Sowohl die auf Programmebene aktiven Trojaner wie die tief unten im Betriebssystem versteckten Rootkits liefern den Rechner zur fast beliebigen Manipulation durch Dritte aus.
... nach Makroviren ...
Das ist der große Unterschied zu den vergangenen Jahren, denn im Spiel ist nunmehr fast nur noch kriminelle Energie. Sowohl die Virenwellen wie die Wurmausbrüche der späten 90er Jahre sahen ganz anders aus.

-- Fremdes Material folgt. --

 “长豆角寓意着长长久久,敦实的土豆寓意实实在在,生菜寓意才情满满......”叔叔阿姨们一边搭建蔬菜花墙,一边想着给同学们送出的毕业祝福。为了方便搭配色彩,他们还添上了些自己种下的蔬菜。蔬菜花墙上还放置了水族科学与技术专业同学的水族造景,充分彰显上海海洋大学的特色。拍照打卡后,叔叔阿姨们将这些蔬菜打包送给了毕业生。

Waren es zu Zeiten von Windows95 vor allem Makroviren für MS Word, die von Schabernack bis grobem Unfug alles Mögliche machten, bis hin zu echten Festplattenputzern.
... und VBS-Scripts wie Melissa
Die nächste Stufe waren VBS-Scripts zumeist mit relativ harmlosen Schadensfunktionen, die allerdings auf Würmern ritten, deren rasende Verbreitung weltweit immer wieder vor allem Firmennetzwerke für Stunden zusammenbrechen ließ.
Intention?
Nicht recht ersichtlich. Das Resultat war jedenfalls vom Wurm "Melissa" bis zu "Sasser" in der Regel spektakulär, eine Serie von schnell abbrennenden Netzwerk-Großfeuerwerken, die für ein entsprechendes, globales Medienecho sorgten. Der Erscheinungsrhythmus orientierte sich am Bekanntwerden von Windows-Sicherheitslücken. Wenige Wochen später kam jeweils der Wurm.
Deutschland
Nun sind es heimliche Trojaner, die alles andere als auffallen wollen, und benutzen will die neben der deutschen auch die schweizer Polizei.

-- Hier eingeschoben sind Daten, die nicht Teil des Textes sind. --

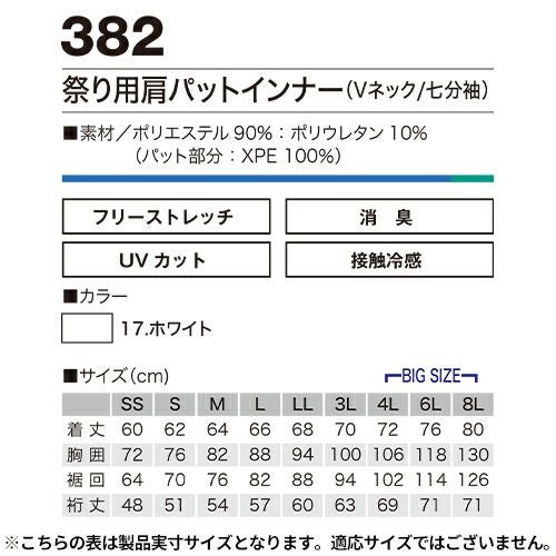 他の画像を見る お祭り用品 インナー 祭り お神輿用 白 七分袖 祭り用肩パット入りVネック七分袖インナー 無地 シンプル ストレッチ 消臭 冷感 村上被服 鳳皇 HOOH お祭り 夏祭り 児童会 花火大会 衣装 縁日 出店 おみこし 粋 和 382 作業服 通年 特別価格 ¥ 2,980 税込 〜 特別価格 ¥ 税込 高反発の立体3D肩パッドで神輿を担ぐ際の方への負担を軽減 お神輿で強い負荷がかかる肩を守る!しっかりしたクッションが付いているお神輿に特化したインナー。フリーストレッチで着心地快適。さらにUVカットで紫外線を防ぎ、消臭、接触冷感でイヤな汗臭や不快感を顕現してくれます。 夏祭りなどイベントに最適。 詳細を見る お気に入りに登録する

Im Zentrum des Streits unter den deutschen Juristen steht die Diskussion, ob das Ausspähen eines Straftat-Verdächtigen mittels eines Schadprogramms wie einem Trojaner mit einer gewöhnlichen Hausdurchsuchung gleichzusetzen sei, oder ob es doch in deutlich anderes Mittel ist, das eine Gesetznovelle nötig macht.
Derrick als Autor ...
Dass das Diskussionsniveau ein recht akademisches ist, zeigt der Umstand, dass offenbar weder nachgefragt wird, wie die Polizei denn zum Trojaner und wie dieser dann auf den Rechner des Verdächtigen kommt.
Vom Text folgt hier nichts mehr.